Stored items from a collection -
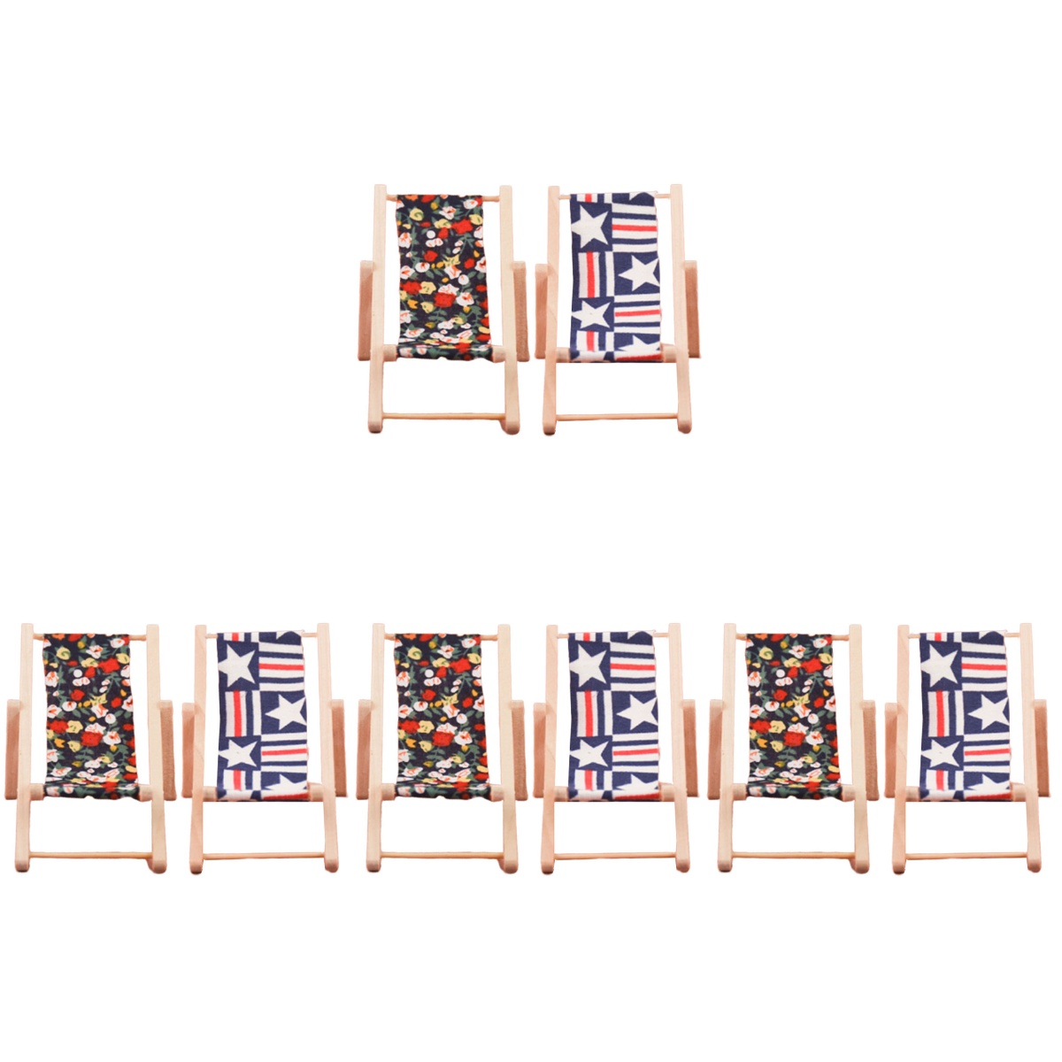 8 pcs Mini Beach Chair Mini Wooden Chair Beach Chair Model Mini Beach Chair Lounge Chair 1:12
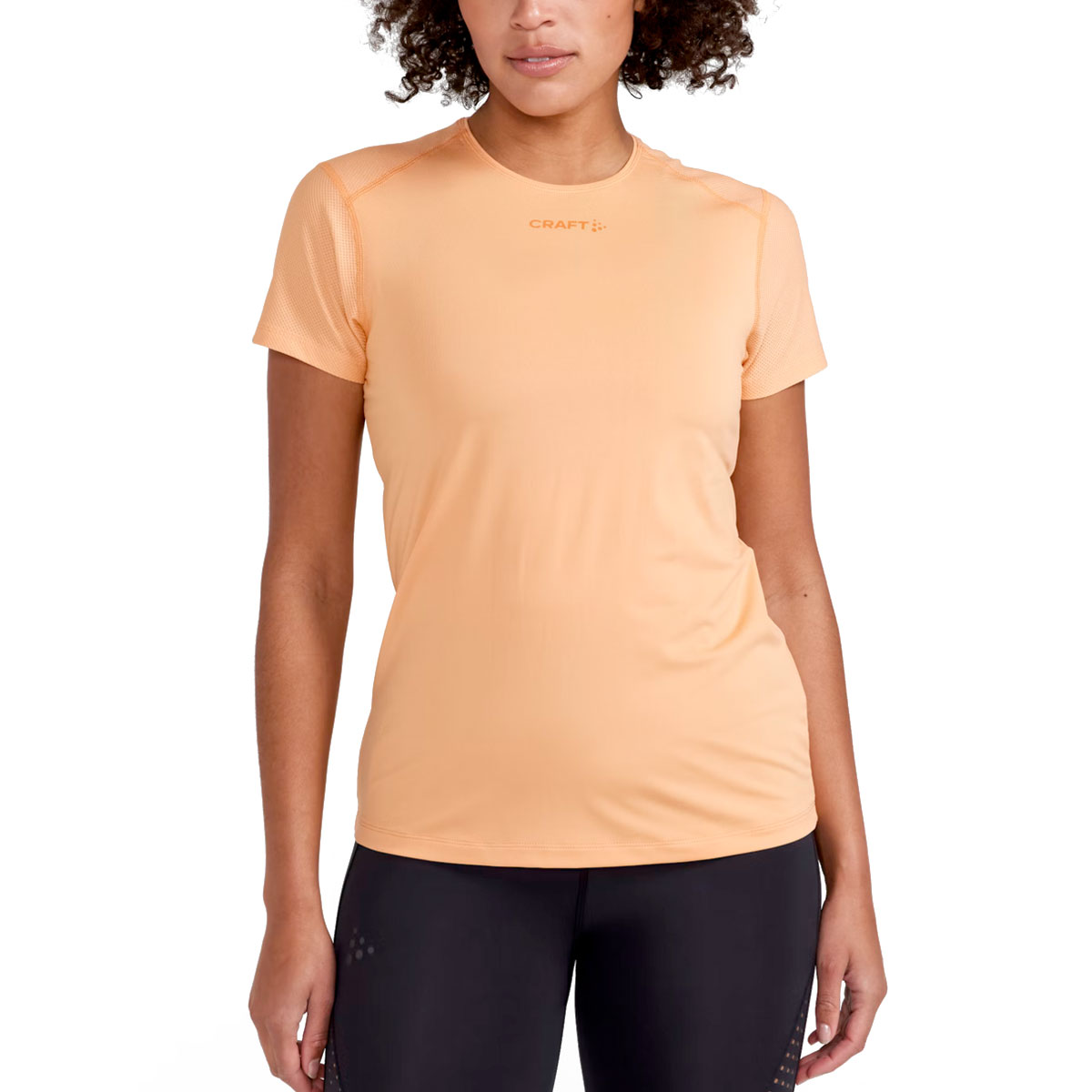 Craft shirt korte mouw Adv Essence peach voor dames heeft een getailleerde pasvorm voor optimale bewegingsvrijheid. Dit shirt is ademend en houdt je cool tijdens de warme dagen.
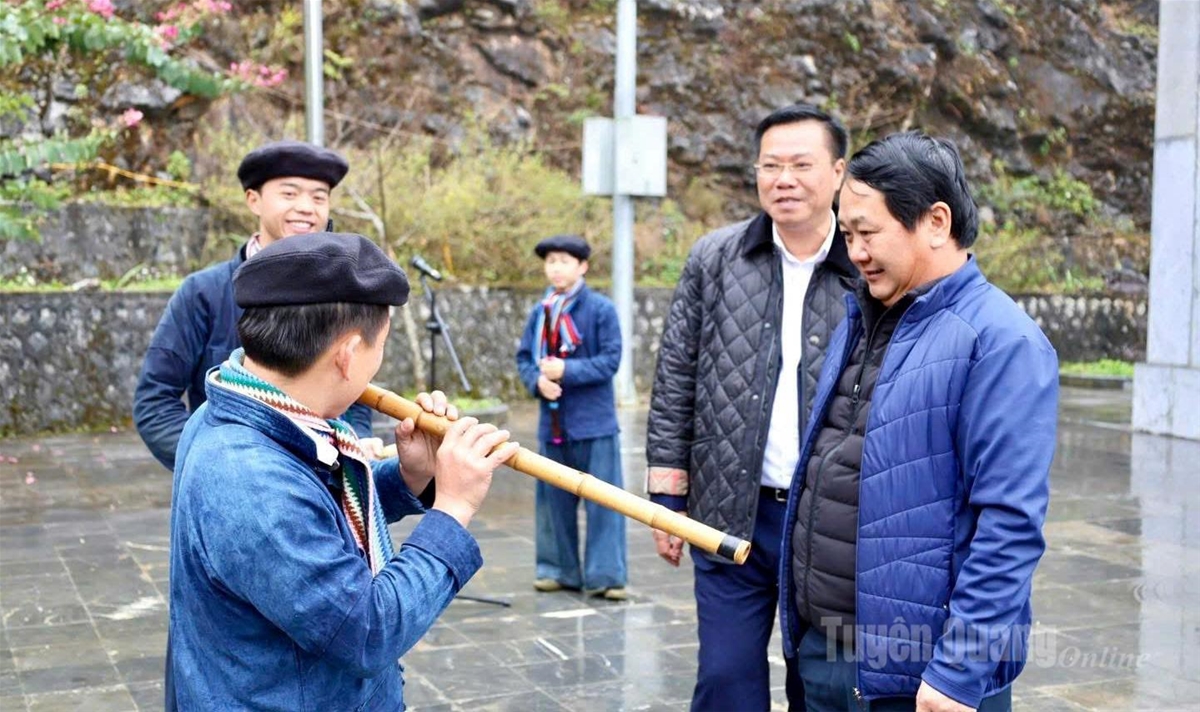 Bí thư Tỉnh ủy Hầu A Lềnh thăm, động viên cán bộ văn hóa thực hiện nhiệm vụ tại các điểm du lịch.
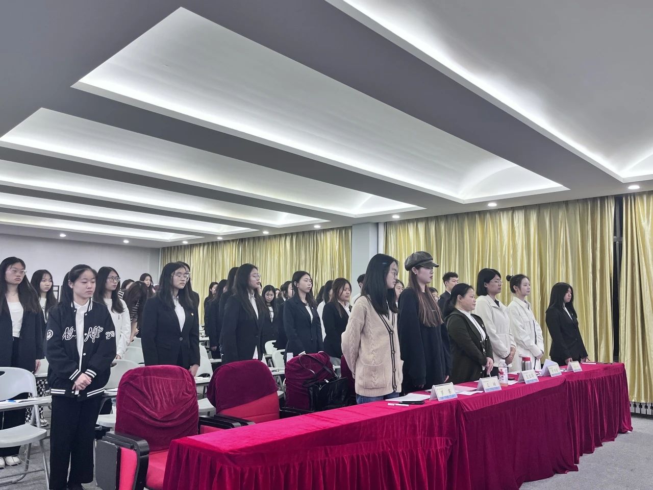 主持人介绍出席仪式的领导老师,他们分别是青岛恒星科技学院国际教育学院直属党支部书记、执行院长王玉华院长,国际教育学院辅导员罗赛老师、王楠老师、时伟佳老师、张迎杰老师,大家对各位领导老师的到来表示了热烈的欢迎。
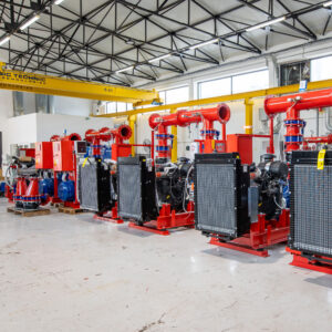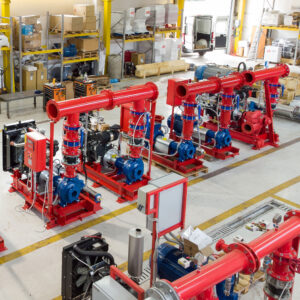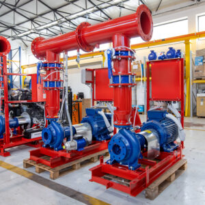 - Main fire pump(s) – electric or diesel, sized according to flow/pressure demands
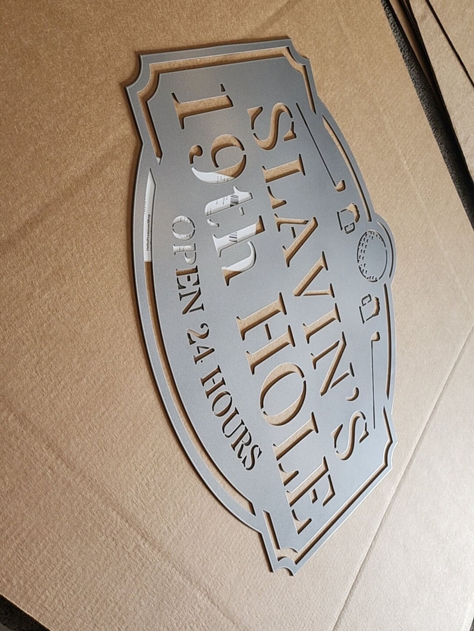 Elevate your home bar with our personalized Golf-themed sign. Crafted with attention to detail, this stylish metal sign can be personalized with your name or message to make it truly unique. Perfect for avid golfers and enthusiasts, this sign adds a touch of sophistication and charm to your home bar, inviting friends and fellow golf lovers to gather and enjoy drinks in a rela and inviting atmosphere. Swing into style with this custom-made masterpiece.
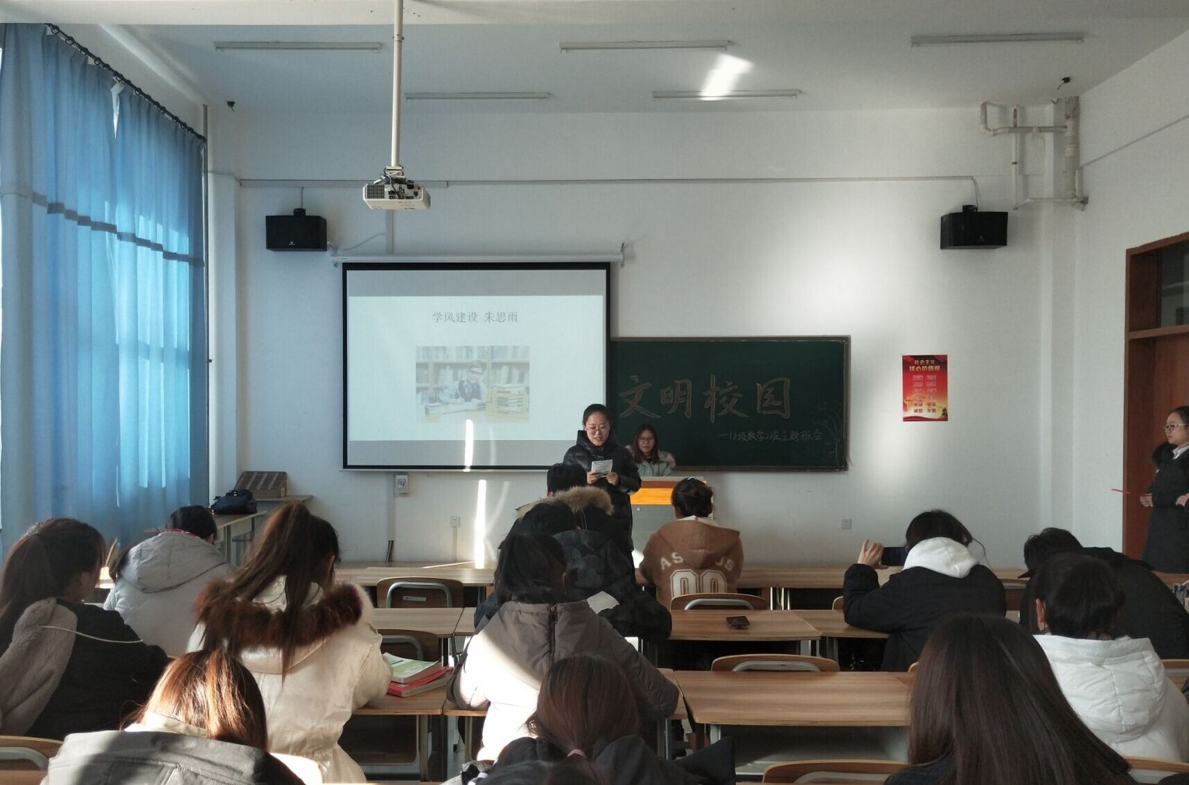 近期,创建全国文明城市的活动在四平市如火如荼的展开,我院根据相关指导精神,开展了“创建文明城”系列活动,本次班会活动是重要形式之一。郑老师在班会上发言指出文明应体现在细节之中,文明学生、文明班级、文明宿舍、文明校园这些都是我们创建工作应该努力的重点,同时也强调班级学生应努力提高文明素养,培养文明的行为习惯,让学生明白作为新时代的大学生,应当为文明创建贡献自己的一份力量。
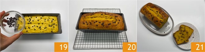 Adicione as gotas reservadas 19 e asse em forno estático pré-aquecido a 170° por 55/60 minutos. Retire do forno e deixe esfriar 20, depois desenforme e sirva o bolo inglês de abóbora e chocolate 21.
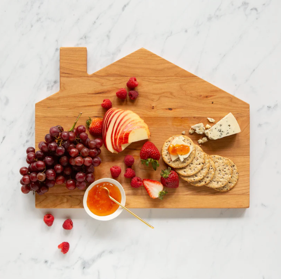 This Cherry novelty cabin serving board celebrates the love of home. A beautiful board for serving your favorite cheeses, desserts or appetizers. Lean against the backsplash to incorporate into the decor of your kitchen.
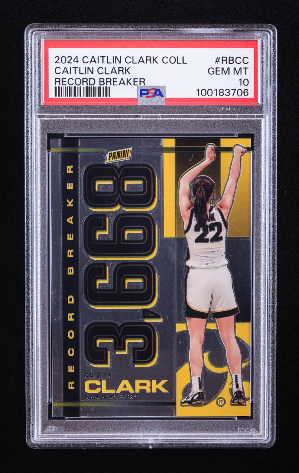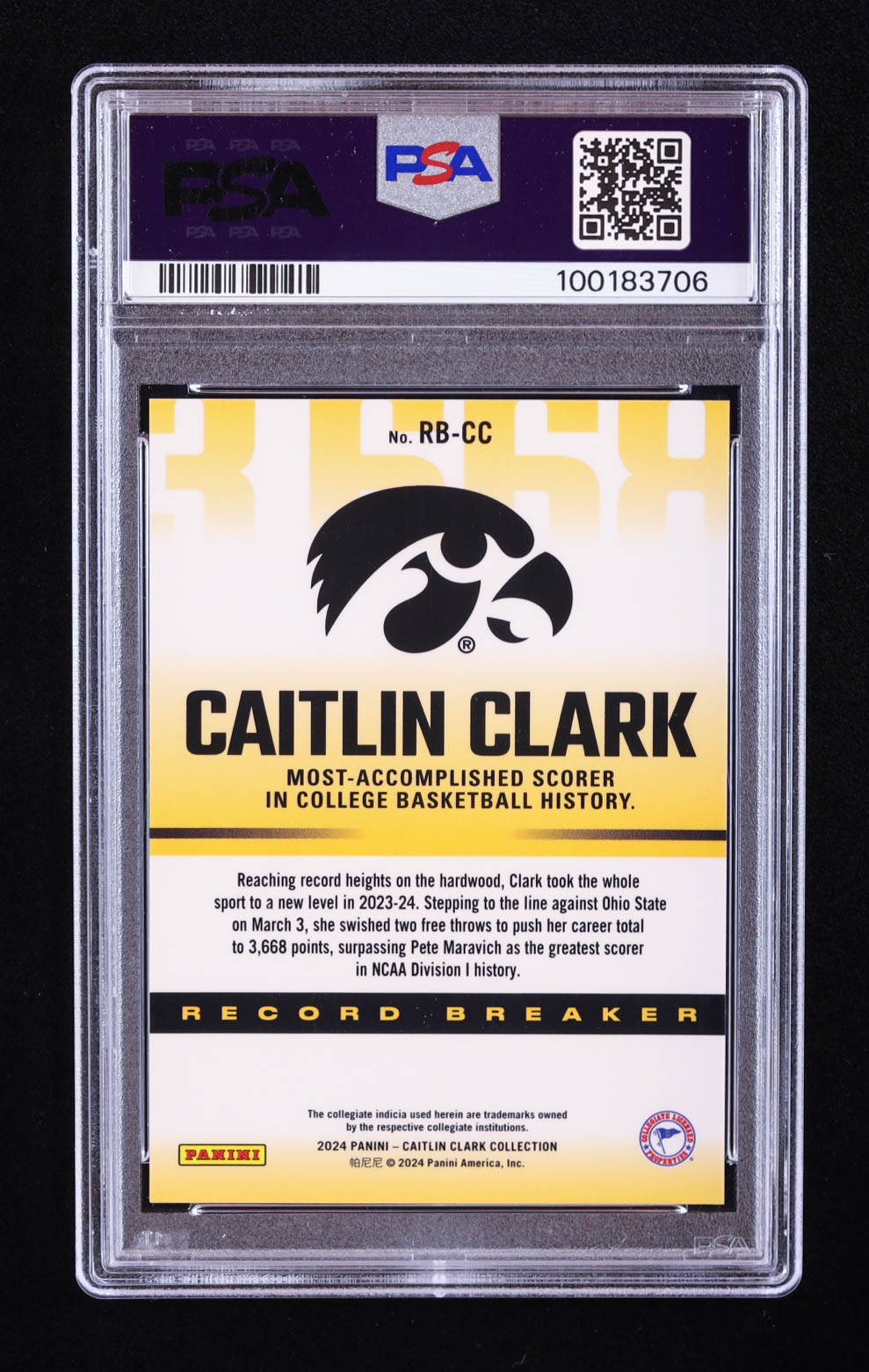 Caitlin Clark 2024 Panini Caitlin Clark Collection Record Breaker #RBCC RC (PSA 10)

TO DO -
Only the lines from the line containing "This Cherry novelty" through the last line of the entries above should be reproduced, word for word and without pictures.

RESPONSE AREA -
 This Cherry novelty cabin serving board celebrates the love of home. A beautiful board for serving your favorite cheeses, desserts or appetizers. Lean against the backsplash to incorporate into the decor of your kitchen.
 Caitlin Clark 2024 Panini Caitlin Clark Collection Record Breaker #RBCC RC (PSA 10)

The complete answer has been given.